■ **Your task**
Output must consist only of the lines of the material below from the one with "Por un tiempo" through the one with "LED. Amber coating.", each reproduced exactly; no pictures belong in it.

■ **Dataset extract**
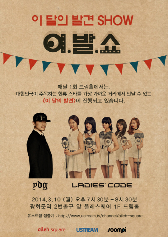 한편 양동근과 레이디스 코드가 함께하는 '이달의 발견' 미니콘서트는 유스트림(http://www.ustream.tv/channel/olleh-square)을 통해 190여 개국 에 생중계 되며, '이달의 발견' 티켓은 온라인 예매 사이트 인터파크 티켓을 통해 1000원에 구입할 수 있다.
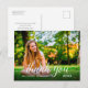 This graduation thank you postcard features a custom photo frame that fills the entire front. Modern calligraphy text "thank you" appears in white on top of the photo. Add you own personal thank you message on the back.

---

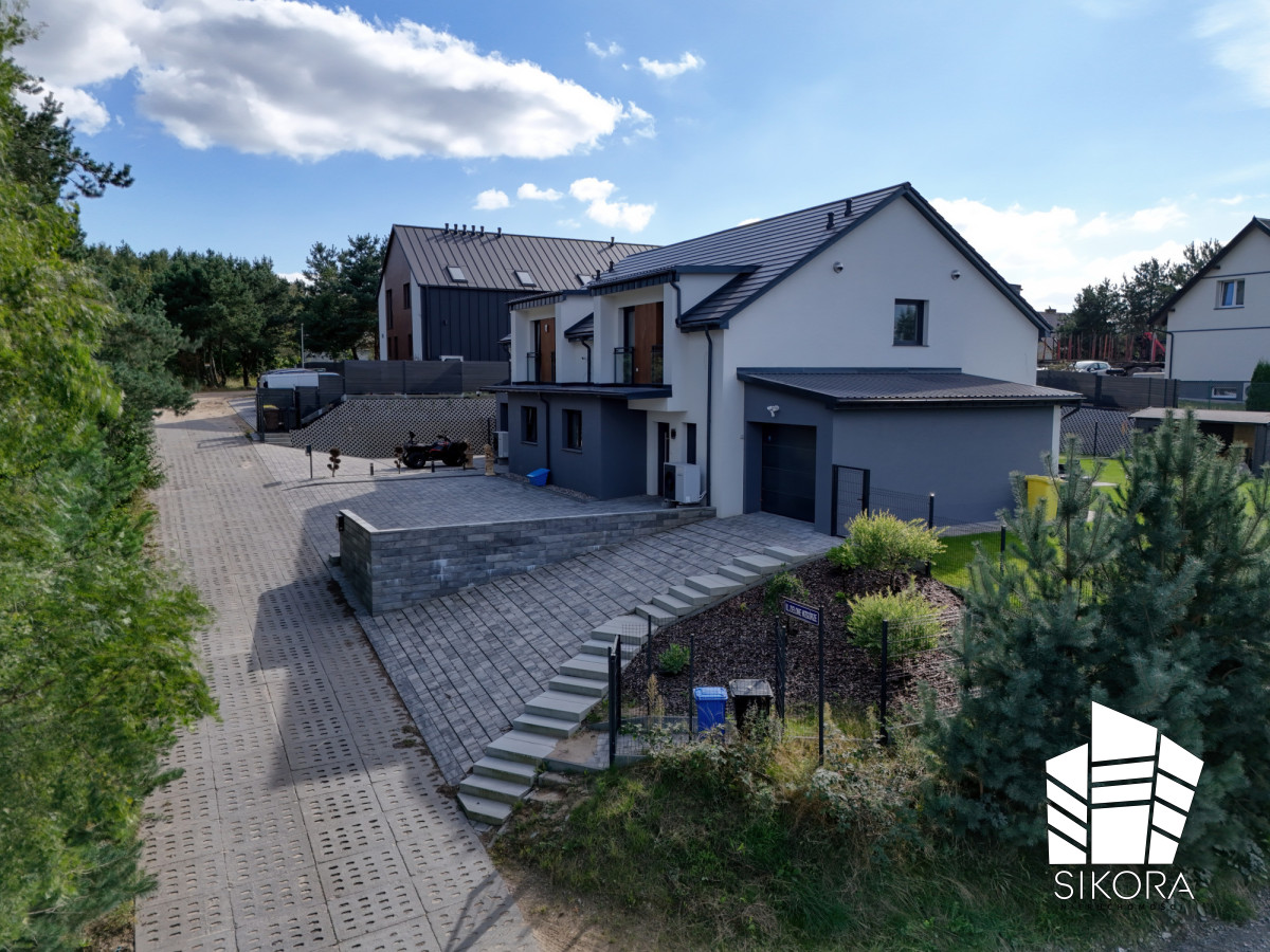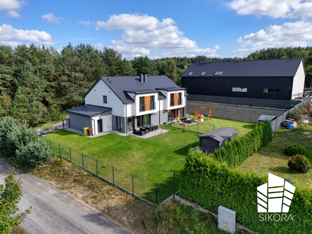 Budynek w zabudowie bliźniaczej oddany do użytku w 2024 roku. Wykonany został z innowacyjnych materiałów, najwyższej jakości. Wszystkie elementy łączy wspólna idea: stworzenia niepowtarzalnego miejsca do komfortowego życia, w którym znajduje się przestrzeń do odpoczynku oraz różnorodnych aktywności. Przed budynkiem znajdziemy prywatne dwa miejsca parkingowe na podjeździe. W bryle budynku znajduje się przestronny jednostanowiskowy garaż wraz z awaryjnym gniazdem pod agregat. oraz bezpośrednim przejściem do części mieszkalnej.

...

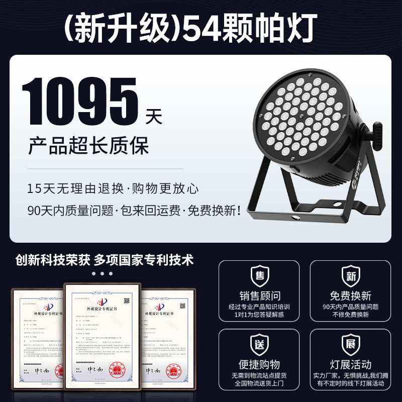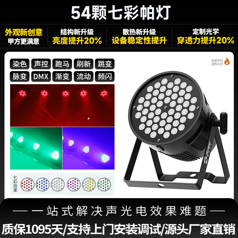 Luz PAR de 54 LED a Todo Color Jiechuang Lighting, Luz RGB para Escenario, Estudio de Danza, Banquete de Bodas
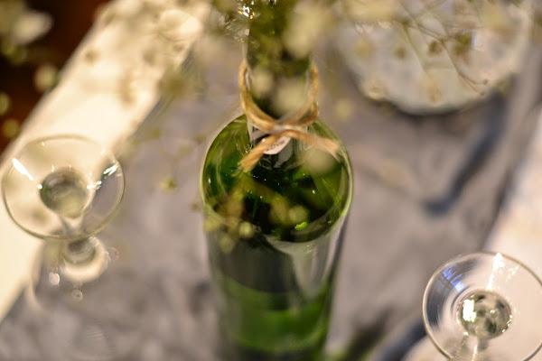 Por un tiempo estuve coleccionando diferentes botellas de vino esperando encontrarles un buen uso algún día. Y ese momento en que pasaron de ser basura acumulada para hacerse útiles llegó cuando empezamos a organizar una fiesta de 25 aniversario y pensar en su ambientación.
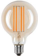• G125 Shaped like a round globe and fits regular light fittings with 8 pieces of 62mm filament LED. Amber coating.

■ **Output of the task**
 Por un tiempo estuve coleccionando diferentes botellas de vino esperando encontrarles un buen uso algún día. Y ese momento en que pasaron de ser basura acumulada para hacerse útiles llegó cuando empezamos a organizar una fiesta de 25 aniversario y pensar en su ambientación.
• G125 Shaped like a round globe and fits regular light fittings with 8 pieces of 62mm filament LED. Amber coating.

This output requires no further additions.